# Honduran rosewood burl



## phinds (May 6, 2016)

Talk of HRB in a recent pen thread reminded that I don't think I ever shared these closeups of a piece that David Clark loaned me. The burl cap face cut is very nice looking by itself but the closeups in bright lighting are just stunning. You should see them full size on my site where the biggest enlargement is actually WAY bigger than life-size (about 3X in both directions from what is shown here). The cap is about 10" across where cut.

Reactions: Like 1 | EyeCandy! 10 | Way Cool 2


----------



## Tony (May 6, 2016)

Stunning! !!! Tony


----------



## Nature Man (May 6, 2016)

Some of the prettiest eye candy I've seen! Chuck

Reactions: Agree 2


----------



## DaveHawk (May 6, 2016)

That is AWESOME ! I like


----------



## Jim Beam (May 6, 2016)

phinds said:


> You should see them full size on my site



A link would be nice. I looked all around on your site and could not find a photo of this.


----------



## phinds (May 6, 2016)

Jim Beam said:


> A link would be nice. I looked all around on your site and could not find a photo of this.


Well, since it's Honduran rosewood, it's on the Honduran rosewood page, pretty much right where you'd expect it to be.


----------



## gman2431 (May 7, 2016)

phinds said:


> Well, since it's Honduran rosewood, it's on the Honduran rosewood page, pretty much right where you'd expect it to be.

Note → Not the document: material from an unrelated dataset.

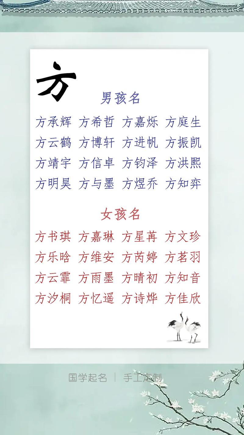 方泓澤:意為泓水深邃廣闊,澤水滋潤萬物,寓意寶寶博學多才,心胸寬廣。
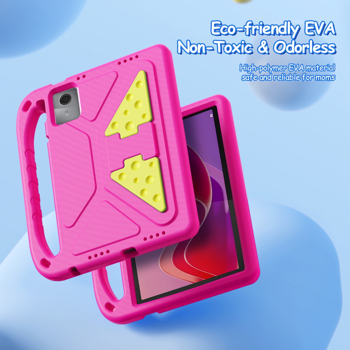 Rožinis dėklas Lenovo Tab M11 TB330 pagamintas iš aukštos kokybės minkštos EVA medžiagos, jis yra nepavojingas ir specialiai sukurtas vaikams.

Or maybe helping him out with a link since its your site would be cool? A lot better than a snarky response like that...

Reactions: Agree 1


----------



## phinds (May 7, 2016)

The link to my site is in my signature, I just forget that sometime people (me included) don't think to look there. Besides which perhaps you didn't notice but he said he'd looked around the site. Don't you reckon that means he already has a link to the site?


----------



## phinds (May 7, 2016)

Jim Beam said:


> A link would be nice. I looked all around on your site and could not find a photo of this.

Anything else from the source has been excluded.